--- Directions ---
Once you reach the line with "10月31日至11月3日,由" in the material below, copy each line exactly up to and including the line with "O Arch na Rua", and skip the pictures.

--- Dataset content ---
========================================================================

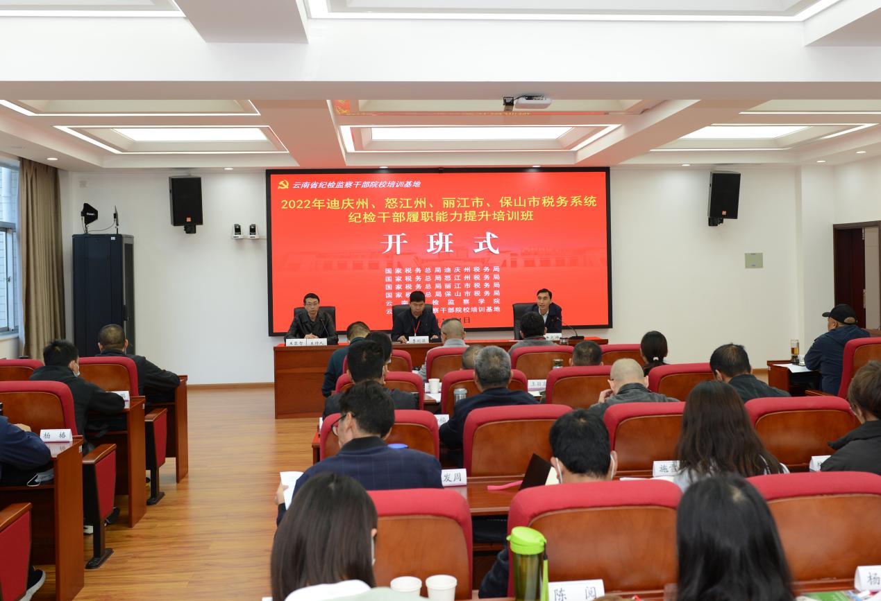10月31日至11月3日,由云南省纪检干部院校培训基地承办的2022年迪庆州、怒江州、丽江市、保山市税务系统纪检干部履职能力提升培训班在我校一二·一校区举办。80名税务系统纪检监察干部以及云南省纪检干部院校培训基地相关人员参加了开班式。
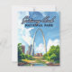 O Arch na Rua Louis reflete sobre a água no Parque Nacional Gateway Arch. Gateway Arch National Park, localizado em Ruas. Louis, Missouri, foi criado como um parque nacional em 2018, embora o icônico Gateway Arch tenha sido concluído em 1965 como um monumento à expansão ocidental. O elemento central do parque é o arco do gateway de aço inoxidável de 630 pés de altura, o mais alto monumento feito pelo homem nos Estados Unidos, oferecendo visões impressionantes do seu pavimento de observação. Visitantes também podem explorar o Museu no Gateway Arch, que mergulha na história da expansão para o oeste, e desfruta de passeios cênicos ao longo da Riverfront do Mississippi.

========================================================================

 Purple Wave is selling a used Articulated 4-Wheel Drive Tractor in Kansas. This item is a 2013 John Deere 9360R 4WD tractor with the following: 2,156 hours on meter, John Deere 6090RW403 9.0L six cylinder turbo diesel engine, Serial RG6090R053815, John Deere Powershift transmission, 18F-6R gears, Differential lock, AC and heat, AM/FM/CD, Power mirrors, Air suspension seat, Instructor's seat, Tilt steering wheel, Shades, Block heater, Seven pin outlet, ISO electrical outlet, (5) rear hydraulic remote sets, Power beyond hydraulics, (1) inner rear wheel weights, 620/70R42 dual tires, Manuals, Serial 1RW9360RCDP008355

========================================================================

--- Response to the exercise ---
10月31日至11月3日,由云南省纪检干部院校培训基地承办的2022年迪庆州、怒江州、丽江市、保山市税务系统纪检干部履职能力提升培训班在我校一二·一校区举办。80名税务系统纪检监察干部以及云南省纪检干部院校培训基地相关人员参加了开班式。
 O Arch na Rua Louis reflete sobre a água no Parque Nacional Gateway Arch. Gateway Arch National Park, localizado em Ruas. Louis, Missouri, foi criado como um parque nacional em 2018, embora o icônico Gateway Arch tenha sido concluído em 1965 como um monumento à expansão ocidental. O elemento central do parque é o arco do gateway de aço inoxidável de 630 pés de altura, o mais alto monumento feito pelo homem nos Estados Unidos, oferecendo visões impressionantes do seu pavimento de observação. Visitantes também podem explorar o Museu no Gateway Arch, que mergulha na história da expansão para o oeste, e desfruta de passeios cênicos ao longo da Riverfront do Mississippi.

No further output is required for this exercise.